When executing MCTS' expansion phase, where you create a number of child nodes, select one of the numbers, and simulate from that child, how can you efficiently and unbiasedly decide which child(ren) to generate?
One strategy is to always generate all possible children. I believe that this answer says that AlphaZero always generates all possible ($\sim 300$) children. If it were expensive to compute the children or if there were many of them, this might not be efficient.
One strategy is to generate a lazy stream of possible children. That is, generate one child and a promise to generate the rest. You could then randomly select one by flipping a coin: heads you take the first child, tails you keep going. This is clearly biased in favor of children earlier in the stream.

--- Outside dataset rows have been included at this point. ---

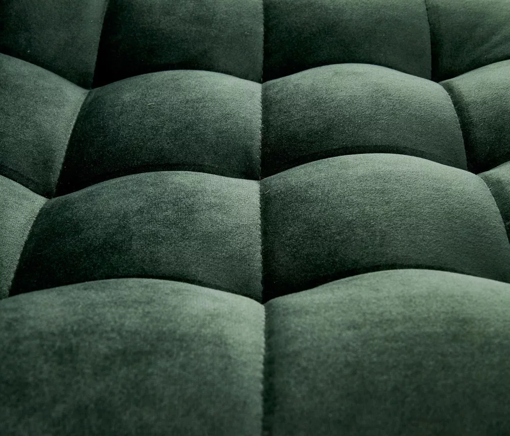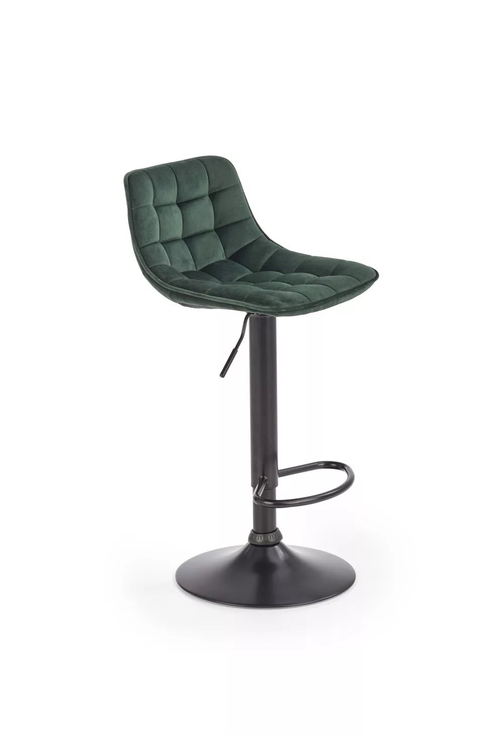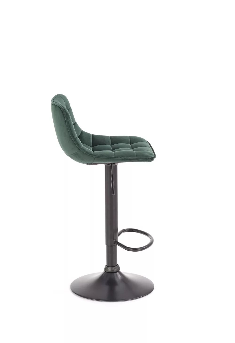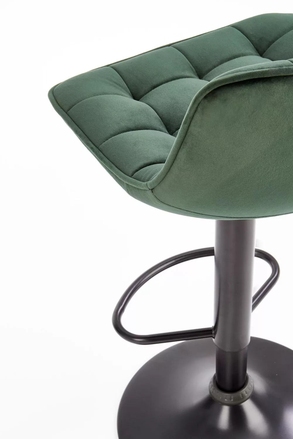 Modern kialakítású, elegáns megjelenésű bárszék. A szék ülőfelülete és háttámlája sötétzöld színű bársonyos szövettel borított, lába porszórt acélból készült.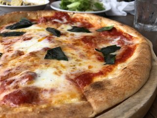 こちらが人気の「窯焼きピッツァ」。釜焼きならではの生地のふっくら感と焼け具合は、写真だけでも食欲をそそられますね。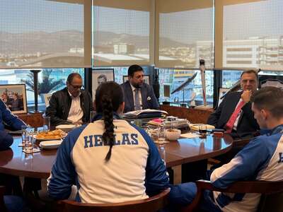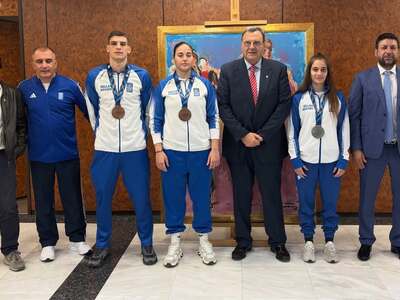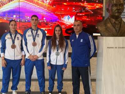Μαζί με την Γιαννακοπούλου υποδέχθηκαν και τους «χάλκινους» μεταλλιούχους Βασιλική Σταυρίδου και Ζαχαρία Μυλωνά, παρουσία του Α’ Ειδικού Γραμματέα κ. Κώστα Γκόγκου, του κ. Χάρη Μαριόλη και φυσικά του κ. Πλέα, ο οποίος με τη διαρκή του καθοδήγηση συμβάλλει στην εντυπωσιακή πορεία της Εθνικής ομάδας.
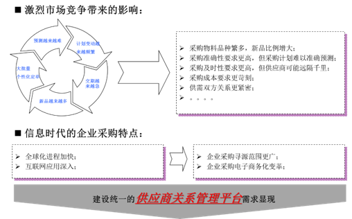 隨著全球經(jīng)濟(jì)的一體化,激烈的企業(yè)市場競爭,要求在優(yōu)化企業(yè)內(nèi)部資源的基礎(chǔ)上,如何整合外部的供應(yīng)商資源,以應(yīng)對環(huán)境和競爭對手的挑戰(zhàn)成為企業(yè)需要首先考慮的重要問題。五糧液希望通過管理變革及信息工具的使用,建立內(nèi)部的需求、采購、監(jiān)督等部門之間、供需雙方之間的信息共享和交互的系統(tǒng)顯得尤為重要和迫切。

Another strategy is to compute how many $N$ children there are and provide a function to generate child $X < N$ (of type Nat -> State). You could then randomly select one by choosing uniformly in the range $[0, N)$. This may be harder to implement than the previous version because computing the number of children may be as hard as computing the children themselves. Alternatively, you could compute an upper-bound on the number of children and the function is partial (of type Nat -> Maybe State), but you'd be doing something like rejection sampling.
I believe that if the number of iterations of MCTS remaining, $X_t$, is larger than the number of children, $N$, then it doesn't matter what you do, because you'll find this node again the next iteration and expand one of the children. This seems to suggest that the only time it matters is when $X_t < N$ and in situations like AlphaZero, $N$ is so much smaller than $X_0$, that this basically never matters.
In cases where $X_0$ and $N$ are of similar size, then it seems like the number of iterations really needs to be changed into something like an amount of time and sometimes you spend your time doing playouts while other times you spend your time computing children.
Have I thought about this correctly?